А это касалось нас уже непосредственно.
«С населением Чаквара отношения мои складывались довольно своеобразно. Люди в массе своей видят в барине, независимо от его личных качеств, нечто мистическое, причину всего — и хорошего, и плохого, — что творится в Чакваре. Поистратился человек — идет в пенсионную кассу просить под умеренный процент ссуду; беда какая нагрянула или случился пожар — обращаются к барину за кирпичом и прочими материалами; если кто-то неизлечимо болен — опять же у барина просят поддержки. Иной раз даже складывалось впечатление, что если кто помирал, то и в этом винили меня, будто сам я собираюсь жить вечно, по-моему, они так и думают, но уж тут-то, любезные, придется мне вас разочаровать! Или взять, к примеру, по сию пору бытующее целование ручки. Если „милостивый барин“ паче чаяния откажется подать ручку — из прогрессивных ли взглядов или заразы какой испугавшись при виде сопливых носов, — его тут же осудят: „Возгордился! Уж и к ручке не подойди!“ И только во времена коммуны враги и друзья перестали именовать меня барином, а владенья мои — поместьями, но когда, слава милости Божией и здравому смыслу людей, 2 августа 1919 года коммунизм потерпел фиаско, то первыми, поджав хвосты, пришли целовать мне ручку самые отъявленные смутьяны. Барин и барский дом считались в селе неприкосновенными. Словами это не объяснишь, но даже во время коммуны мне доводилось слышать от возмущенных егерей и охранников, такой-то, мол, — ужасный коммунист, потому как осмелился громко свистеть или кричать рядом с усадьбой. Нечего и говорить, что по поводу свиста никаких указаний я не давал. Но чтоб кто-то без разрешения вторгся в усадьбу — такое казалось настолько невероятным и невозможным, что многие на селе в это запомнившееся мне утро со смехом и недоверием восклицали: „Слыхали? Халнек надумал идти к усадьбе!“ Это было равносильно тому, как если бы кто-то сказал, будто Халнек собрался взлететь или что он — папа римский».

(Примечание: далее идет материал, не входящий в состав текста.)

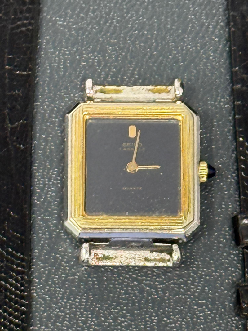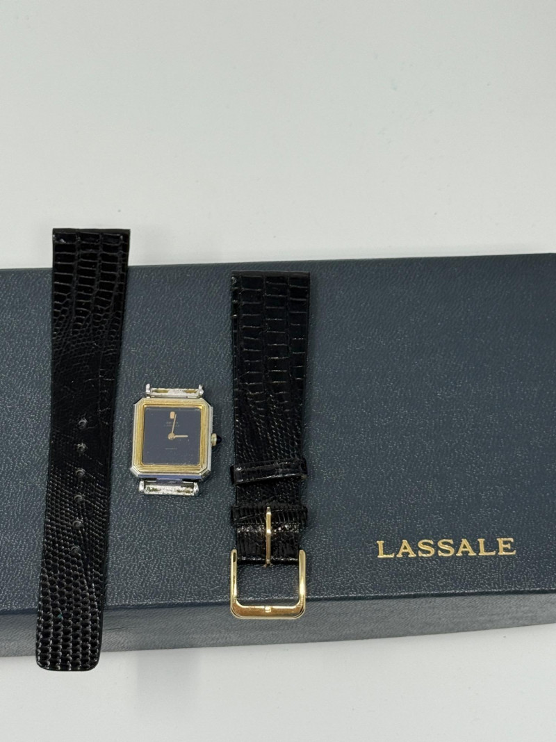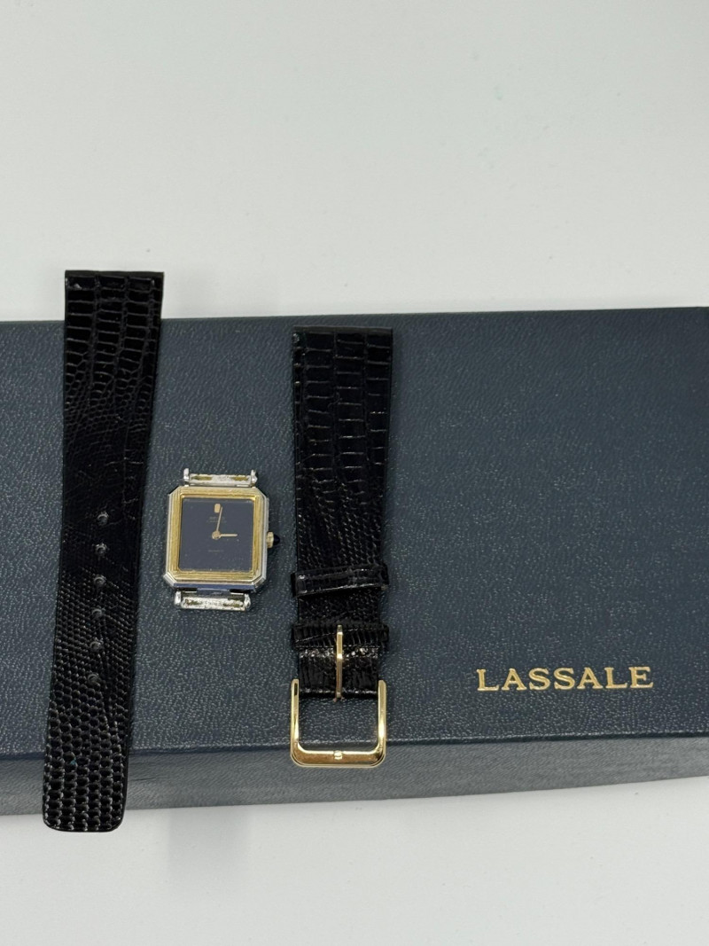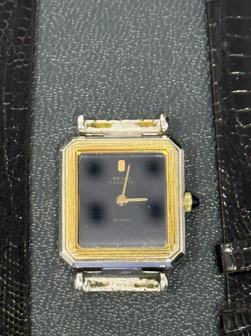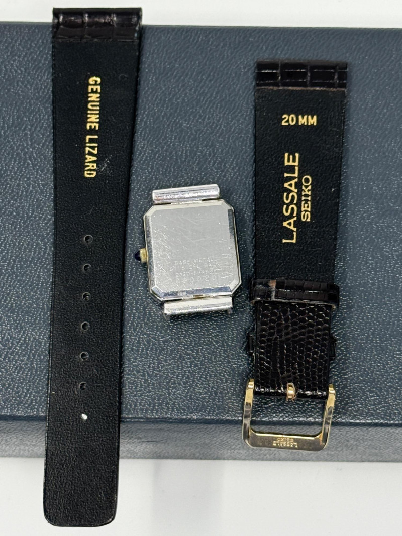 Vintage Seiko Lassale quartz watch, known for its ultra-thin design. The Lassale line was a high-end sub-brand of Seiko in the 1980s and 1990s, renowned for its elegant, jewelry-inspired style and precision movements. Original black lizard wrist strap included. Watch currently has no band attached.
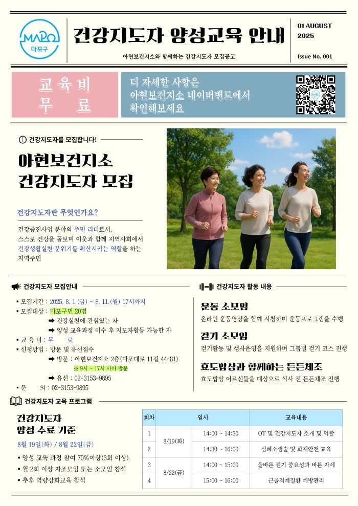 '2025년 건강지도자 양성교육'참여를 희망하는 구민은 8월11일까지 아현보건지소를 방문하거나 전화(☎02-3153-9895)로 신청하면 된다.
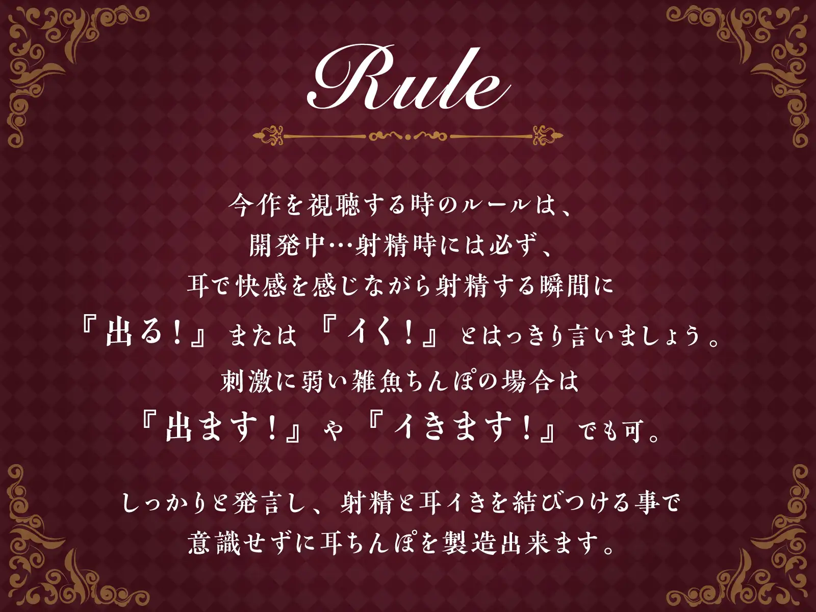耳舐め慣れしているあなたの耳を、これまでにない敏感名器に徹底開発します。 昨日までアソコで感じていた快感が、耳を舐められるだけで... レッスンの結果、耳舐めだけで勃起→射精をすんなり行えるように。 そんな敏感な耳イきを覚えた身体で通常のオナニーをしたら...上も下もWでイき地獄!一瞬で精巣空っぽです。
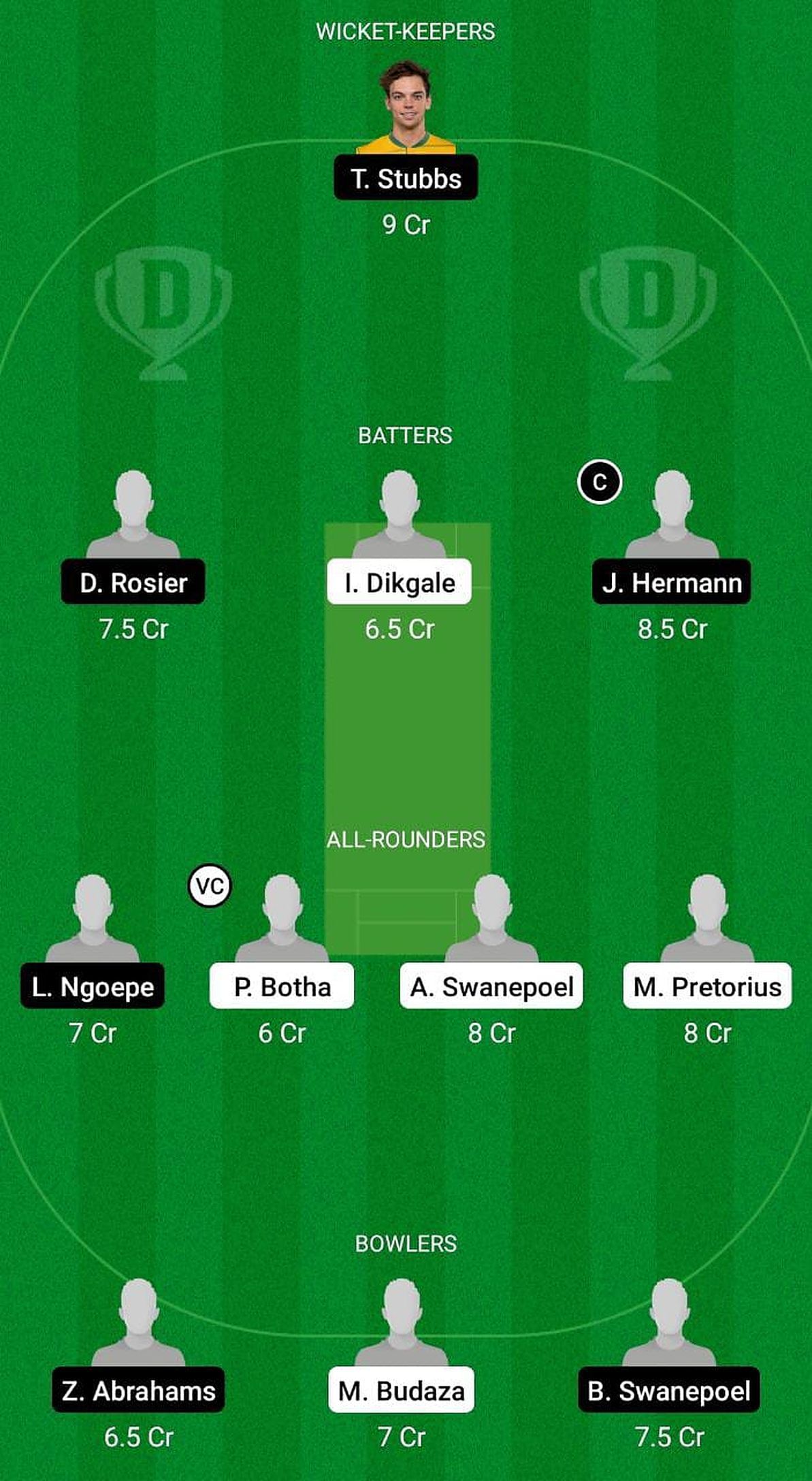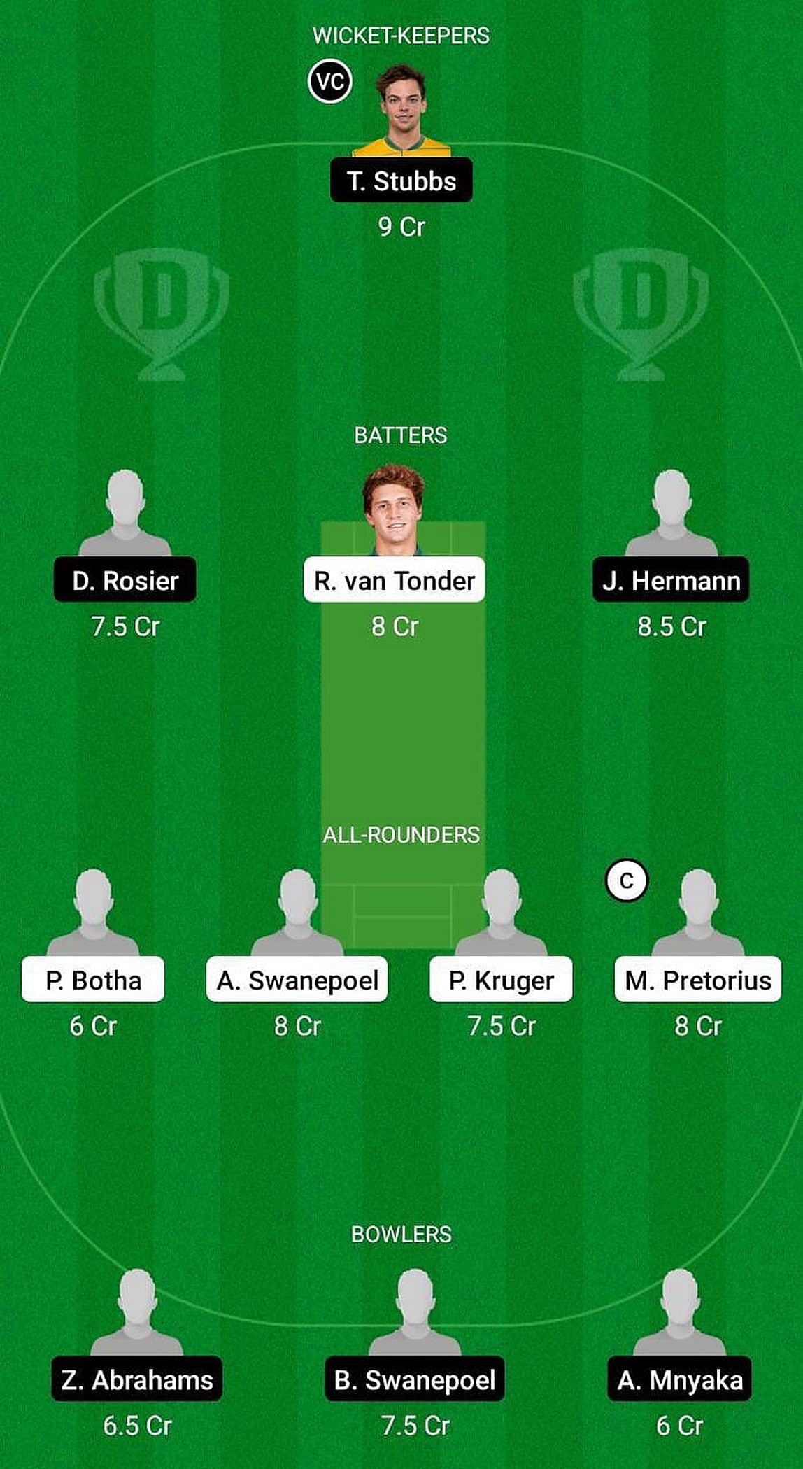 Gihahn Cloete (wk), Jacques Snyman, Isaac Dikgale, Raynard van Tonder, Patrick Botha, Patrick Kruger, Aubrey Swanepoel (c), Migael Pretorius, Nhlakanipho Mpungose, Mbulelo Budaza, Garnett Tarr
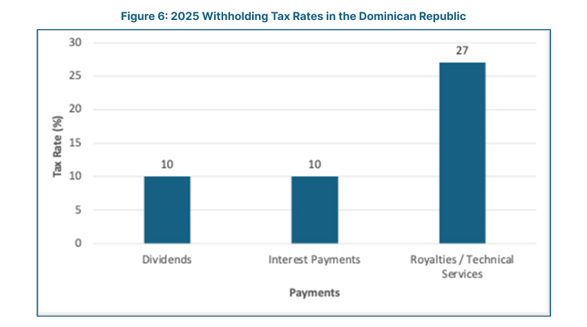 The withholding tax rates applicable in the Dominican Republic for 2025 are officially outlined by the Dirección  General de Impuestos Internos (DGII) and confirmed in investment documentation published by ProDominicana. These rates apply to payments made to foreign entities and are structured as follows:
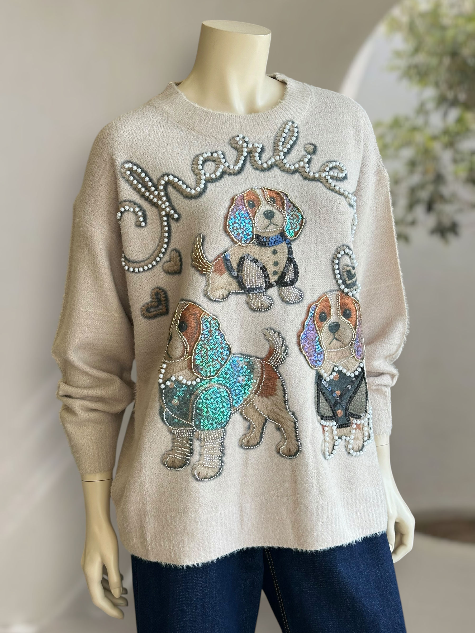 Un sweater con personalidad única 🐶✨ detalles bordados y aplicaciones que elevan cualquier look casual con un toque lúdico y chic.
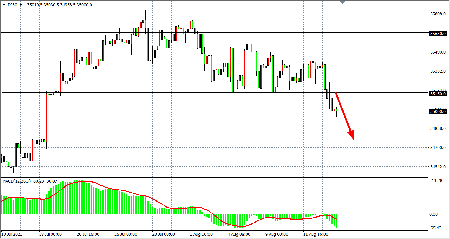 4小时图看,道指进一步跌破35150,MACD在零轴下重新放量,行情继续进入空头,阻力关注35150,支撑关注34800-34500。
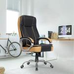 Roar Wood High Back Black & Tan Combination Leatherette Office Chair
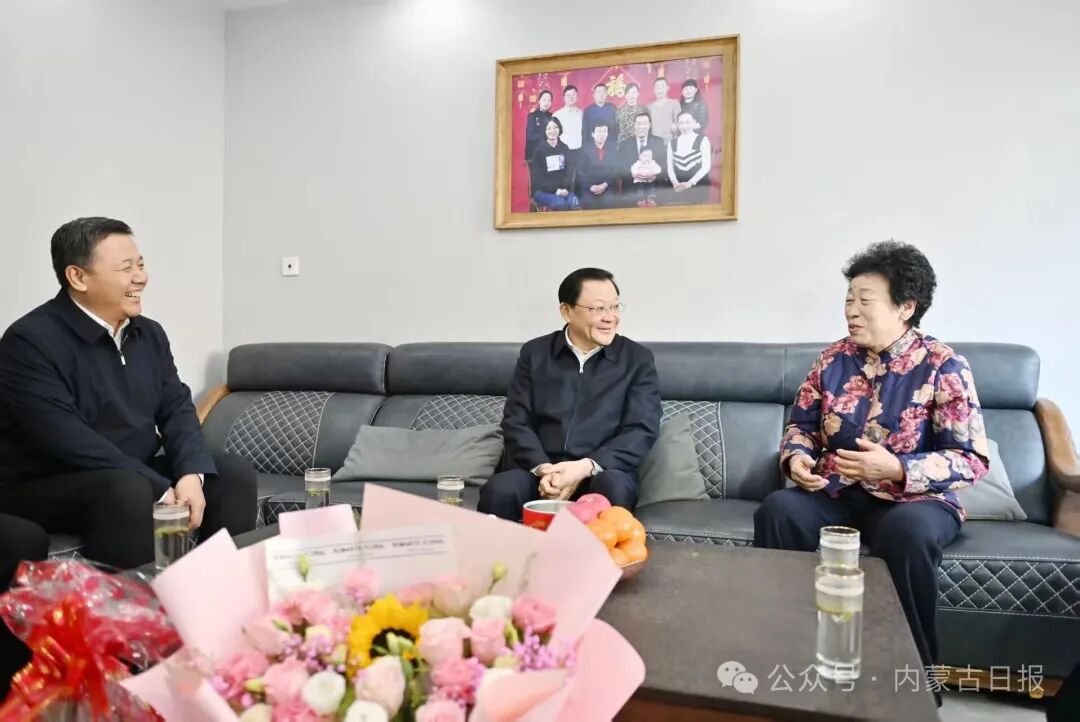 2月10日,自治區(qū)黨委書記、人大常委會主任王偉中向老黨員李玉蘭送上新春祝福。草原云·內(nèi)蒙古新聞網(wǎng)記者 馬建兵 攝

Решив, что уж лучше пусть их укокошат дома, чем в другом месте, прадед с семьей спокойно дожидались событий. На всякий случай кое-где у дверей он расставил слуг, рассовал по карманам деньги и драгоценности и посоветовал членам семьи сделать то же самое — вдруг придется покинуть усадьбу. На обед в этот день званы были графиня Элеонора Ламберг, свояченица прадеда, и ближний сосед-помещик граф Фюлеп Меранский. Поскольку у них в имениях агитации не было, здешний переполох весьма удивил их.
— А я и не знала, что у нас революция, — рассмеялась графиня. Моя бабушка отошла к окну. Бывали минуты, когда ей не хотелось видеть людей. (Впоследствии она в этом покаялась.)
По неуклонному своему обычаю после обеда прадед всегда отдыхал на балконе, а посему, откланявшись, пожелав остальным приятного времяпрепровождения и попросив строго соблюдать установленные им меры предосторожности (которые в основном были связаны с понятиями «хладнокровие», «спокойствие» и «миролюбие»), он улегся в шезлонг, изготовленный для него в Коложваре, и погрузил стопы в привычный старый ножной мешок. С балкона он ничего не видел, зато вполне отчетливо слышал характерный рокочущий и невнятный гомон толпы, который на сцене — как было известно прадеду — имитируют, заставляя статистов, изображающих народ, повторять бесконечно: «рабарбер, рабарбер»[88]. Мне кажется, что для прадеда революция означала не больше, чем это слово: «рабарбер».
«Водрузив красный флаг на вершину крыльца, лесоруб и плотник-строитель Фендрих, то бишь товарищ Фендрих, открыл собрание. Справа и слева от Дюлы Халнека, застыв истуканами, стояли два прихвостня. Та выдержка, с которой даже в мороз телохранители Халнека стояли по стойке „смирно“ на уличных митингах и часами длившихся народных собраниях, вызывала единодушное восхищение зрителей. И мне кажется, что мужественные, каменнонеподвижные позы двух здоровяков принесли этому кагалу пользы гораздо больше, чем все речи, которым они (и мы тоже!) придавали такое значение. Квинтэссенция выступления Халнека заключалась в разделе моих имений. Под бешеные вопли собравшихся инициатива была принята единогласно.